Il collegamento con il Just Transition Fund Taranto

Il Just Transition Fund Taranto nasce per:

  • favorire la diversificazione economica;
  • sostenere la creazione di nuove imprese innovative;
  • ridurre la dipendenza da settori ad alta intensità di carbonio;
  • promuovere investimenti in digitalizzazione ed economia circolare .

TecnoNidi rappresenta lo strumento operativo dedicato alle startup tecnologiche, con un mix di agevolazioni particolarmente vantaggioso.

Coerenza con Smart Puglia 2030

Il bando è coerente con la strategia regionale Smart Puglia 2030, che individua ambiti prioritari di innovazione come:

  • manifattura sostenibile
  • aerospazio
  • salute
  • meccatronica
  • tecnologie green

L’obiettivo non è finanziare “qualsiasi impresa”, ma sostenere progetti con contenuto tecnologico reale, capaci di generare impatto sul territorio.

Perché è un bando strategico

A differenza di molti altri incentivi regionali, il bando TecnoNidi Taranto:

  • copre il 100% degli investimenti (40% fondo perduto + 40% prestito a tasso zero + 20% premialità condizionata);
  • finanzia fino al 90% dei costi di funzionamento;
  • è dedicato esclusivamente a imprese innovative;
  • è focalizzato su un territorio con forte priorità europea.

Per una startup che vuole nascere o consolidarsi a Taranto, si tratta di una leva finanziaria estremamente potente.

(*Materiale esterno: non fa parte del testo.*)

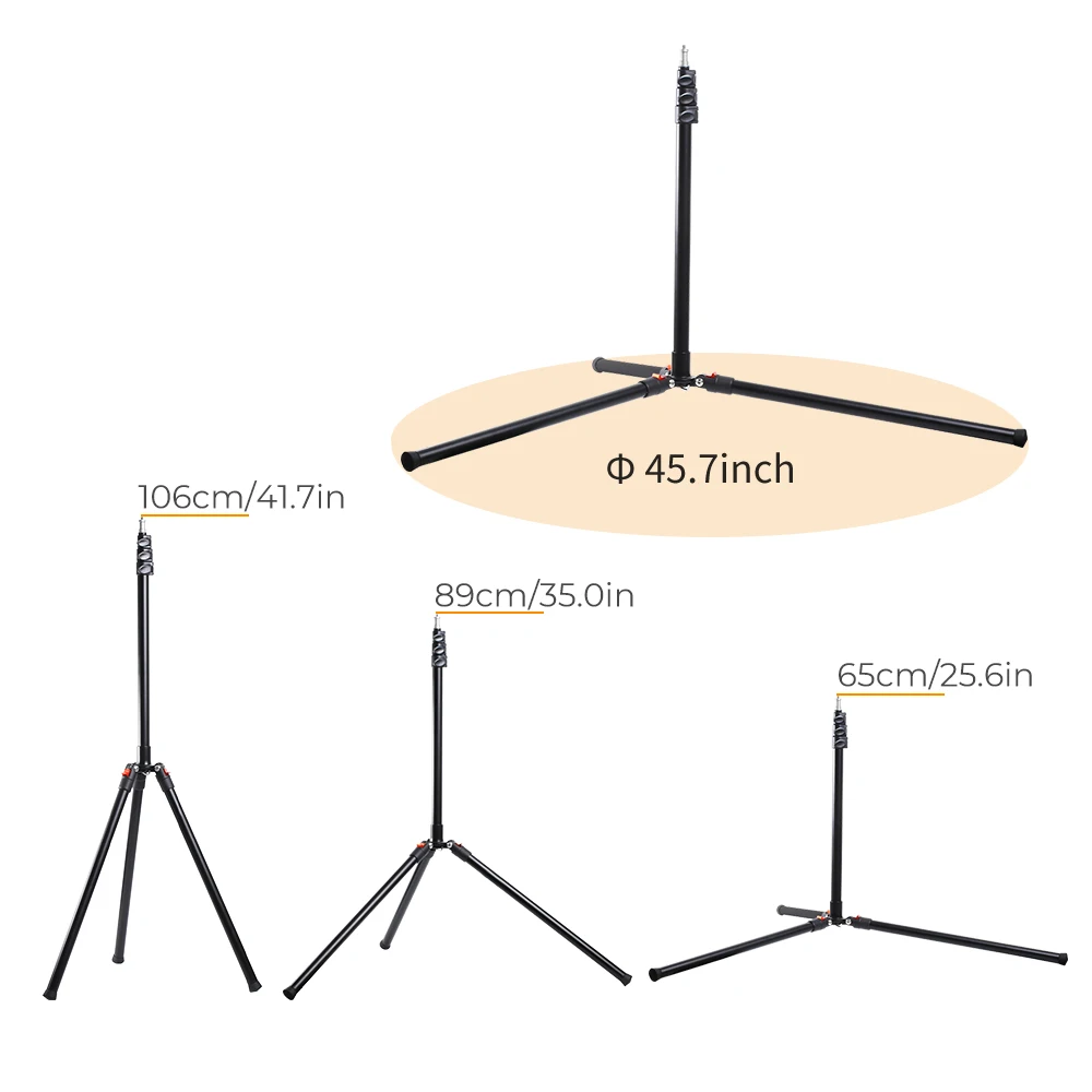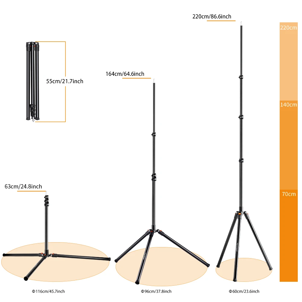 Регулируемый расширенный дизайн высотой не менее 55 "/1,4 м, а максимальная высота 86,6"/2,2 м, отвечающий вашим различным требованиям студия/фотография. Наиболее Рекомендуемая высота стойки для светильник составляет 81 "/2,06 М.

Sappiamo che la partecipazione a un Bando può essere complessa, sia nell’interpretare il testo dell’Avviso sia nella compilazione della domanda. Per questo abbiamo pensato ad un piccolo test di 2 minuti che ti aiuta a capire se possiedi i requisiti preliminari per partecipare al Bando.

Chi può partecipare

Il TecnoNidi JTF Taranto non è un incentivo generico: è riservato a imprese con requisiti molto precisi, sia dal punto di vista societario sia sotto il profilo dell’innovazione tecnologica.

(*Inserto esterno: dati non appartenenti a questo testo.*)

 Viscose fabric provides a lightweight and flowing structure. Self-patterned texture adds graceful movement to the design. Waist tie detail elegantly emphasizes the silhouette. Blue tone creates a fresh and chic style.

L’obiettivo del bando TecnoNidi Taranto è sostenere startup ad alto contenuto innovativo che contribuiscano alla transizione economica e ambientale della Provincia di Taranto. Per questo motivo, i requisiti di accesso sono stringenti ma chiari.

Vediamoli nel dettaglio.

Requisiti societari

Possono partecipare esclusivamente società di capitali che, alla data di presentazione della domanda preliminare:

  • siano regolarmente costituite come S.r.l., S.p.A. o altre società di capitali;
  • siano iscritte al Registro delle Imprese da meno di 5 anni;
  • non siano quotate in mercati regolamentati;
  • non abbiano mai distribuito utili;
  • non derivino da operazioni di fusione o acquisizione (salvo specifiche eccezioni previste dall’Avviso) .

Non sono ammesse ditte individuali, società di persone o imprese con anzianità superiore ai 60 mesi.

Requisiti di innovazione

Non basta essere una nuova impresa: è necessario dimostrare un contenuto tecnologico qualificato.

L’impresa deve rientrare in almeno una delle seguenti categorie:

  • essere iscritta come Start-up Innovativa nell’apposito registro speciale;
  • aver sostenuto costi di Ricerca & Sviluppo ≥ 10% dei costi operativi in uno degli ultimi tre esercizi;
  • aver ottenuto il riconoscimento europeo Seal of Excellence (Orizzonte Europa/EIC) o partecipare a iniziative spaziali come CASSINI .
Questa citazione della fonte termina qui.